PFI initiatives - the Lords' inquiry
The continuing flaws in the PFI option have been exposed in evidence to a House of Lords inquiry into the system.
A consultant, T Martin Blaiklock, said the Government had used the PFI option "like a credit card". He added: "It allows payments, which would normally be due to be paid today, to be paid at some future date. The key is to know when to use it, for what, and for how much."
The British Medical Association said: "PFI appears to be an unnecessarily costly and short-sighted means of building new hospitals."
But the Confederation of British Industry claimed that PFIs had helped to deliver a broad range of modern projects with "high-quality services and maintenance activities".
It added: "Without this long-term investment, the UK would not have the infrastructure required to support our economy, nor the public services that are needed."
The soaring cost to taxpayers
Queen Mary's Hospital, Roehampton Cost £73.5m to build, but will cost taxpayers in excess of £340m by 2034.
John Radcliffe hospital, Oxford Taxpayers will have to pay back £832m for key developments at a hospital which cost £134m to build.

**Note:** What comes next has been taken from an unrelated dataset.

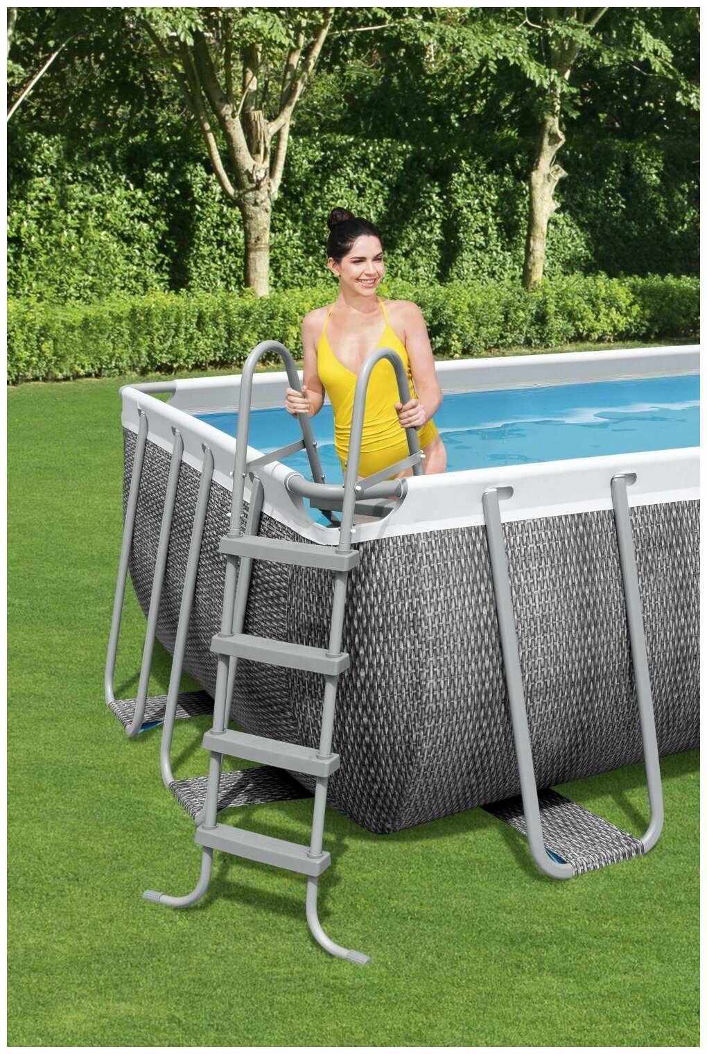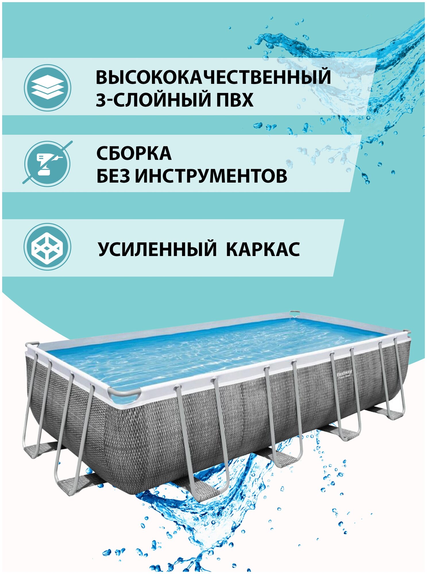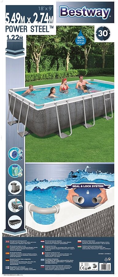 56998. Каркасный прямоугольный бассейн Bestway Rectangular Ultra Frame 549х274х122 см.В комплект бассейна входит:ПВХ чаша 549*274*122 см.Металлический каркас.Фильтр-насос картриджный 5678 л/ч!Лестница высотой 122 см.Тент/крышка/полог.Руководство по эксплуатации.Видеодиск с инструкциями по установке. Прочный прямоугольный каркасный бассейн Bestway Rectangular Ultra Frame 549x274x122 см подойдет для тех кому дорого свободное пространство своего загородного дома или дачи. Он легко и непринужденно впишется в любой ландшафтный ансамбль и будет радовать своих хозяев своим эргономичным видом и лаконичностью. Бассейн каркасный Bestway Rectangular Ultra Frame 549x274x122 см имеет прочную ПВХ чашу с применением технологии "тройного материала", которая придает каркасному бассейну особую тройную прочность и надежность. Стальной каркас изготовлен по инновационным технологиям машиностроения и будет долгое время обеспечивать необходимые прочностные характеристики заданные производителем, а современное покрытие металлического каркаса специальным полимером защитит бассейн от коррозии. Бассейн каркасный Bestway Rectangular Ultra Frame 549х274х122 собирается в считанные минуты и для этого Вам даже не потребуется особых инструментов, кроме отвертки для сборки лестницы каркасного бассейна. Монтаж бассейна необходимо осуществлять последовательно:извлеките всю комплектацию бассейнаразложите на предварительно приготовленной платформе или на участке земли ПВХ чашуразложите трубки каркаса бассейна по размерамразложите угольникивставьте соответствующие длине сегментов верхнего периметра чаши трубки совмещая их с угольником по диаметрам отверстий, последовательно у Вас соберется верхний периметр каркасакогда верхний периметр каркаса будет собран, установите стойки бассейна в соответствующие угольникистойки-подкосы необходимо установить в специальные полипропиленовые ленты расположенные снизу чашиКогда бассейн каркасный Bestway Rectangular Ultra Frame 549х274х122 см собран еще раз проверьте правильность сборки и соединение всех элементов. Затем можно приступать к наполнению бассейна водой. Для этого Вам понадобится садовый шланг и наличие колонки или водопровода. Для слива воды используйте специальный сливной клапан находящийся снизу чаши бассейна. Присоедините к штуцеру (идет в комплекте) шланг и вкрутите его в сливной клапан. Шланг Вы можете вынести в любое подходящее место для слива воды из бассейна.Желаем Вам приятного и солнечного летнего времени!
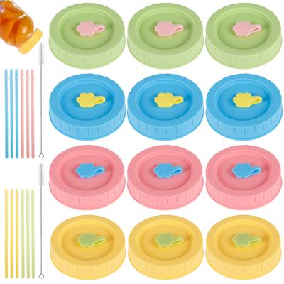 1/4Pcs Drinking Food Storage Cute Mason Jar Lids Canning Lids Jar Caps With Straw Hole

Queen Elizabeth Hospital, Greenwich Trust is locked into a PFI deal costing £9m a year more than if it had borrowed money from the Government. Last year it admitted its PFI contract is "underfunded" by £8m to £10m a year, and it was also carrying debts of £65m.
Norfolk and Norwich University Hospital The 953-bed hospital will cost not £229m, as announced in 1998, but £16bn, including PFI charges, staff and equipment. Rent costs are £800m until the end of the contract in 2037.
Highlands School, Enfield Plunged into £300,000 of debt, blamed on "an expensive and inflexible contract" with the private contractor Equion. A former headteacher, Monica Cross, said "huge sums of money have been wasted" on the £16m school.
Paddington Health Scheme £900m super-hospital abandoned in 2007; costs rose £300m to £894m and finish date slipped to 2013.
Leicester hospitals Pathway Project Costs up from £711m to £921m; scrapped in 2007.
University College London Hospital PFI project, rose from £120m to £430m or so in the three years prior to signing off on the deal.